[About this task]
Start at the line with "- Wohn-Esszimmer mit" in the records below, stop at the line with "Sau đây là một", and return every line in that span exactly, the two end lines included.
Raw data section start
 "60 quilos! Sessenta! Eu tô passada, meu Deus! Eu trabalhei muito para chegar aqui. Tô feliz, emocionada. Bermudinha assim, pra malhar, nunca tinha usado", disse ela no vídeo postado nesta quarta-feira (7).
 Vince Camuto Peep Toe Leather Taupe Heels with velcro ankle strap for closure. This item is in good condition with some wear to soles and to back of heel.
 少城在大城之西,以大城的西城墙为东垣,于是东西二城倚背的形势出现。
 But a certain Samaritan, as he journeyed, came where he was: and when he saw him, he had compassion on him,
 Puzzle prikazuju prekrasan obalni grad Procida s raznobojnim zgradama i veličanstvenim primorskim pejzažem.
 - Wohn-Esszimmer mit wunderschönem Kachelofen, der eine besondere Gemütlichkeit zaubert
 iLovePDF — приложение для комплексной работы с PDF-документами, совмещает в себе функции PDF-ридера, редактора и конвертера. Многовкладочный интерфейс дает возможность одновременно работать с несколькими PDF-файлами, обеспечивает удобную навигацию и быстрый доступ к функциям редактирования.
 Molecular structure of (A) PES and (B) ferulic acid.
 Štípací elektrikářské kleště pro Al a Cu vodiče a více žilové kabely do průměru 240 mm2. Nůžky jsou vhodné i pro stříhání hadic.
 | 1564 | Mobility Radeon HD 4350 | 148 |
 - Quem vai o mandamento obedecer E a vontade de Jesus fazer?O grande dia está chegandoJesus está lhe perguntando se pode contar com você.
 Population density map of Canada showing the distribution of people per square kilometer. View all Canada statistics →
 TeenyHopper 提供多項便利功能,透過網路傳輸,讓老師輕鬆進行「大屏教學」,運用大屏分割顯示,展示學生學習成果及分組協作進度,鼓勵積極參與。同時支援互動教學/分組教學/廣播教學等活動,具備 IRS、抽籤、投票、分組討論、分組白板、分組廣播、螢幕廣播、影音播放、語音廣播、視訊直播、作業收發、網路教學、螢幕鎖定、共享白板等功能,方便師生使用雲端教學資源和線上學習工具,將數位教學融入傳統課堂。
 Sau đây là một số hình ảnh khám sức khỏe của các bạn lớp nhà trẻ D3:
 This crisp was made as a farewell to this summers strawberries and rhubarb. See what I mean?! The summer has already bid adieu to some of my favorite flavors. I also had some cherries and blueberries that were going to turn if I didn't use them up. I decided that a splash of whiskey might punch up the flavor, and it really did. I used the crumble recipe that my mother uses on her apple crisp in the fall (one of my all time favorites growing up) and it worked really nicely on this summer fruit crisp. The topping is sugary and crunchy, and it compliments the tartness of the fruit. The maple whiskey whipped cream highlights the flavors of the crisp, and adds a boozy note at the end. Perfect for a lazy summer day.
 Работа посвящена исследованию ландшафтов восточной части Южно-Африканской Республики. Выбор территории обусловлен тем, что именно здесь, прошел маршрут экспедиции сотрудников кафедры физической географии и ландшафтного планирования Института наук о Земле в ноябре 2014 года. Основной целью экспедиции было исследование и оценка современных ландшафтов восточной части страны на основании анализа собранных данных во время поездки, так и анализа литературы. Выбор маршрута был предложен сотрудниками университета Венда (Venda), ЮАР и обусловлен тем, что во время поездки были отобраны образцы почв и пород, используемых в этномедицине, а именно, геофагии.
Raw data section end
[Output of the exercise]
 - Wohn-Esszimmer mit wunderschönem Kachelofen, der eine besondere Gemütlichkeit zaubert
 iLovePDF — приложение для комплексной работы с PDF-документами, совмещает в себе функции PDF-ридера, редактора и конвертера. Многовкладочный интерфейс дает возможность одновременно работать с несколькими PDF-файлами, обеспечивает удобную навигацию и быстрый доступ к функциям редактирования.
 Molecular structure of (A) PES and (B) ferulic acid.
 Štípací elektrikářské kleště pro Al a Cu vodiče a více žilové kabely do průměru 240 mm2. Nůžky jsou vhodné i pro stříhání hadic.
 | 1564 | Mobility Radeon HD 4350 | 148 |
 - Quem vai o mandamento obedecer E a vontade de Jesus fazer?O grande dia está chegandoJesus está lhe perguntando se pode contar com você.
 Population density map of Canada showing the distribution of people per square kilometer. View all Canada statistics →
 TeenyHopper 提供多項便利功能,透過網路傳輸,讓老師輕鬆進行「大屏教學」,運用大屏分割顯示,展示學生學習成果及分組協作進度,鼓勵積極參與。同時支援互動教學/分組教學/廣播教學等活動,具備 IRS、抽籤、投票、分組討論、分組白板、分組廣播、螢幕廣播、影音播放、語音廣播、視訊直播、作業收發、網路教學、螢幕鎖定、共享白板等功能,方便師生使用雲端教學資源和線上學習工具,將數位教學融入傳統課堂。
 Sau đây là một số hình ảnh khám sức khỏe của các bạn lớp nhà trẻ D3:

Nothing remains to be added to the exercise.